Oxygen Activation Switch in the Copper Amine Oxidase of Escherichia coli

[Image: see text] Copper amine oxidases (CuAOs) are metalloenzymes that reduce molecular oxygen to hydrogen peroxide during catalytic turnover of primary amines. In addition to Cu(2+) in the active site, two peripheral calcium sites, ∼32 Å from the active site, have roles in Escherichia coli amine oxidase (ECAO). The buried Ca(2+) (Asp533, Leu534, Asp535, Asp678, and Ala679) is essential for full-length protein production, while the surface Ca(2+) (Glu573, Tyr667, Asp670, and Glu672) modulates biogenesis of the 2,4,5-trihydroxyphenylalanine quinone (TPQ) cofactor. The E573Q mutation at the surface site prevents calcium binding and TPQ biogenesis. However, TPQ biogenesis can be restored by a suppressor mutation (I342F) in the proposed oxygen delivery channel to the active site. While supporting TPQ biogenesis (∼60% WTECAO TPQ), I342F/E573Q has almost no amine oxidase activity (∼4.6% WTECAO activity). To understand how these long-range mutations have major effects on TPQ biogenesis and catalysis, we employed ultraviolet–visible spectroscopy, steady-state kinetics, inhibition assays, and X-ray crystallography. We show that the surface metal site controls the equilibrium (disproportionation) of the Cu(2+)-substrate reduced TPQ (TPQ(AMQ)) Cu(+)-TPQ semiquinone (TPQ(SQ)) couple.
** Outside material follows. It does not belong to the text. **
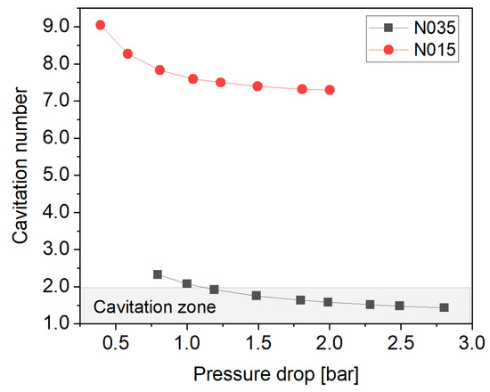 Cavitation inception is expected to occur at cavitation numbers from 1.8 to 2.2, according to the diameter ratio of the orifice to the downstream tube [28]. When the N015 nozzle is used, the global cavitation numbers at all pressure drop conditions are much higher than 2.0, as shown in Figure 5, whereas the global cavitation numbers with the N035 enter the potentially cavitating ranges below 2.0.

Removal of the calcium ion from this site by chelation or mutagenesis shifts the equilibrium to Cu(2+)-TPQ(AMQ) or destabilizes Cu(+)-TPQ(SQ). Crystal structure analysis shows that TPQ biogenesis is stalled at deprotonation in the Cu(2+)-tyrosinate state. Our findings support WTECAO using the inner sphere electron transfer mechanism for oxygen reduction during catalysis, and while a Cu(+)-tyrosyl radical intermediate is not essential for TPQ biogenesis, it is required for efficient biogenesis.